Title: The Remains of the Day
Author: Kazuo Ishiguro
Publisher: Knopf Canada
Source: Provided by my work as a promotion for this book
Check this book out on Goodreads.
In 1956, Stevens, a long-serving butler at Darlington Hall, decides to take a motoring trip through the West Country. The six-day excursion becomes a journey into the past of Stevens and England, a past that takes in fascism, two world wars and an unrealised love between the butler and his housekeeper. (Source: Goodreads)
Mr. Stevens is taking a trip to visit a former employee of the household where he is the butler. This journey to the country becomes a journey to the past, leading Stevens to contemplate many aspects of his personal and work life which he has previously ignored. The story culminates with the meeting of Stevens and this former employee, Miss Kenton.
I don’t think I’ll go into too much detail with this review, it’ll likely be a mini-review, because I think that personally I can’t say much. I think a near perfect review and summing up of the story comes from Salman Rushdie’s introduction that is included in the edition of the book I have. I do have a few things to say however, most importantly that I loved this book. This is the second book by Ishiguro that I have read and as with the first, Never Let Me Go, Ishiguro captured my attention and riveted me to the end with his skillful writing and the social commentary he weaves throughout.
This book has something of a slow pace, it took me much longer than expected to read it. I wasn’t really put off by the pace, it was relaxing and allowed me to enjoy the book without any sense of urgency or rush. I also found that it gave me more time to contemplate and absorb the things that Stevens is being used to present. Stevens is thinking back on the past and it works to do a few things. The most obvious is this presentation of social change in England surrounding World War II. Stevens as a butler to a Lord is able to see first hand the way in which the war changes how society functions. Beyond this the book also looks at this personal journey for Stevens wherein he deals with his own life – and the ways in which he’s wasted it all. The question of “dignity” – what is it, how does one possess it – comes up throughout the book and you see these many angles about “dignity” and what you feel for Stevens in regard to this changes throughout. Especially as his former employer’s political situation comes into clearer focus. The story, while slow, is powerful and interesting.
Ishiguro’s writing is beautiful, there’s really nothing else to say about it, it’s simply beautiful. His writing is captivating even when not a lot happens.

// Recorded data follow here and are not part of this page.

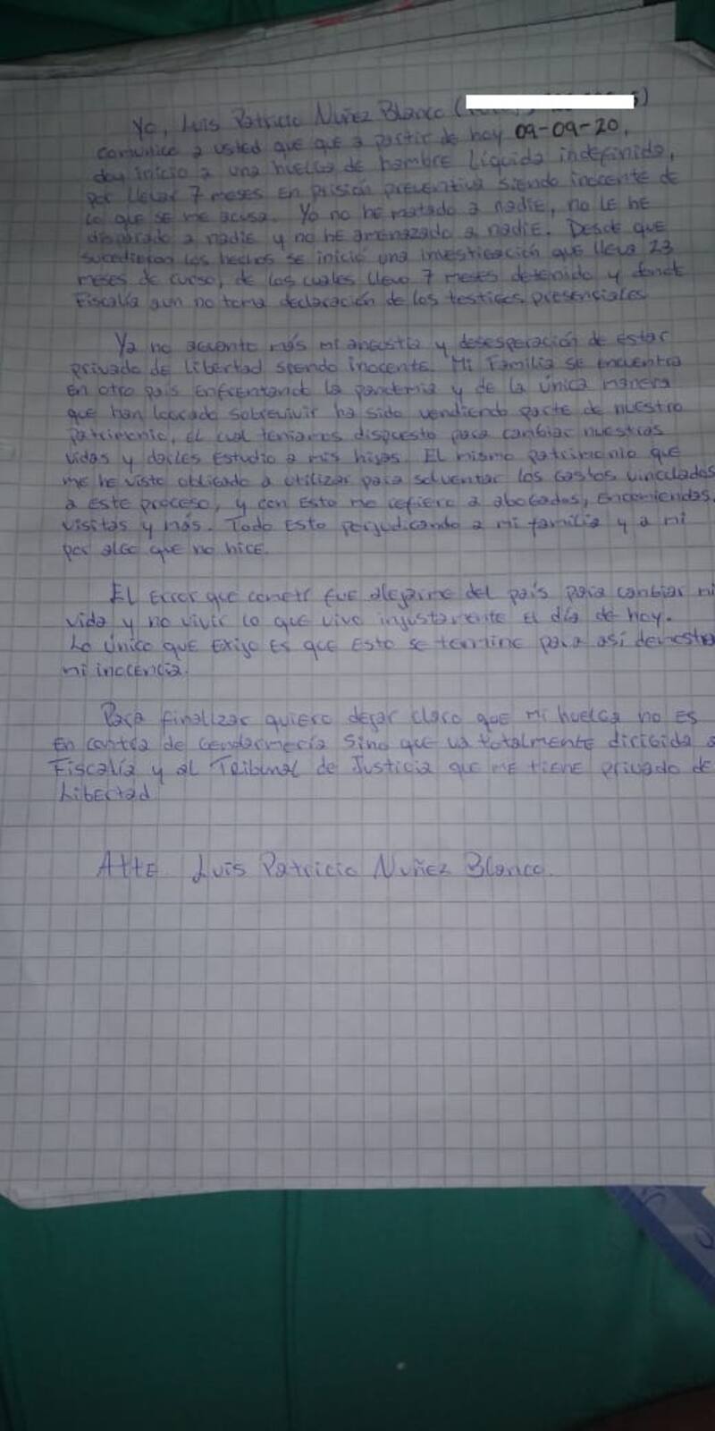 Además, agregó: "Yo no aguanto más mi angustia y desesperación de estar privado de libertad siendo inocente. Mi familia se encuentra en otro país enfrentando la pandemia y de la única manera que han logrado sobrevivir ha sido vendiendo parte de nuestro patrimonio, el cual teníamos dispuesto para cambiar nuestras vidas y darles estudios a mis hijas. El mismo patrimonio que me he visto obligado a utilizar para solucionar los gastos vinculados a este proceso, y con esto me refiero a abogados, encomiendas, visitas y más. Todo esto perjudicando a mi familia y a mí por algo que no hice".
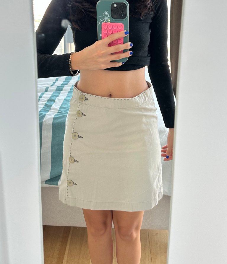 Pamuklu, düğmeli beyaz mini etek, yan detaylı ve dar kesim. Günlük kullanıma uygun, rahat bir parça.
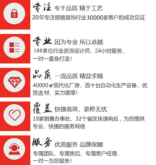 陽光視線是一家集設(shè)計(jì)、研發(fā)、生產(chǎn)、安裝、施工為一體的綜合性企業(yè)!20年專注服務(wù)于眼鏡行業(yè),擁有19個(gè)銷售網(wǎng)點(diǎn),遍布32個(gè)省份;500多名員工,其中設(shè)計(jì)研發(fā)、工程安裝、管理、營銷、等中高級執(zhí)行人才160余名;2000平米的辦公環(huán)境;公司研發(fā)能力強(qiáng),并能迅速將研發(fā)成果轉(zhuǎn)化為生產(chǎn)與商業(yè)效益;擁有超具規(guī)模的展柜生產(chǎn)基地、生產(chǎn)流程、工藝技術(shù)以及生產(chǎn)設(shè)備。
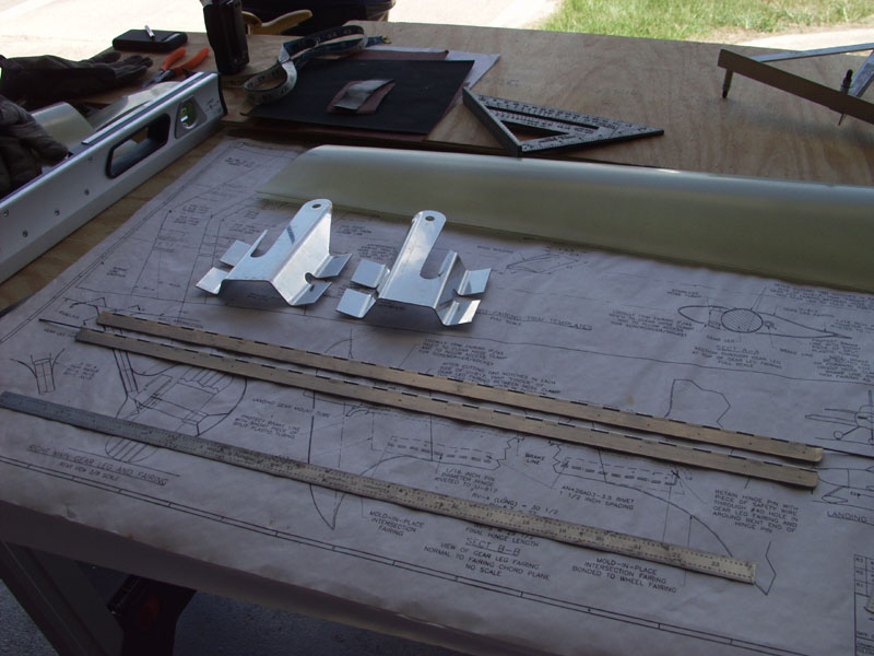 Ok enough fun for yesterday now back to work. Started out today on the gear fairings. Last check for fit and final triming. I cut the hinges to fit at 25 inches and marked the rivet holes at 1.5 inches. Drilled the on the press and deburred.

Throughout the book we don’t see much action, but I honestly couldn’t stop reading because I was so captivated by the writing. This book has a undercurrent of emotion that is really powerful without being in your face. I also, personally, really love how Ishiguro is able to capture this sense of England – the butlers and the posh speech – so well, it just comes across to clearly that you are absorbed into this Jeeves-esque character.
I absolutely loved this book, and highly recommend it. Ishiguro is one of the most skilled writers that I know of so I highly recommend you check out any of his books.